Sunday, October 30, 2011

Inspection



What started out as a charcoal sketch of a nude model at school, became a drawing. I've always been curious about the evil that a person can become, and Nazi Germany has always intrigued me.

In this sketch, a Nazi officer inspects his subject before he declares her fate. Her friend, who just moments before was in conversation with, now lies lifeless on the floor. She is humiliated as she stands, naked, scared, and trembling, wondering what is to be her fate. Is a life left starving to death in a concentration camp worth more than to face the barrel of a gun? The officer orders her to turn this way and that, torturing her mind. The mental anguish seems far worse than the fate of death. She's a Jew, and to him, death is only retribution. She's beneath him, and his own morality dictates that sooner or later, she deserves what he would have in store for her.

Regardless her outcome, this Nazi officer, if he doesn't die by the end of the war, his body will hang from a post, or he'll feel the heat of a bullet as his heart is ripped out from a firing squad.

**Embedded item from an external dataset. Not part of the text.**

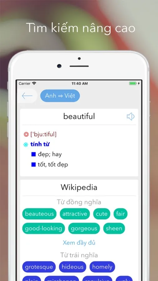 - Với thuật toán tìm kiếm thông minh theo từ khoá (kể cả đối với từ không nguyên mẫu), cùng với khả năng hỗ trợ đa ngôn ngữ và google dịch, bigdict cung cấp cho bạn giải pháp tra từ tuyệt vời với trải nghiệm hoàn hảo trên iOS.

As nation after nation decides to go to war, torturing the individuals who would rise up against them, the winner will one day face death in the same manner as the loser. During WWII, my grandfather shot and killed many German officers, but he too, well after the war was over, came to the end of the road.

This depiction of the humility of an innocent human being, brought before the slime of humanity, captures a single moment in the life of a Jewish lady in Nazi Germany. Day after day, year after year, they were brought before their captors who sought to exterminate them. The cold and heartless actions of this officer shows just how low one human being can be.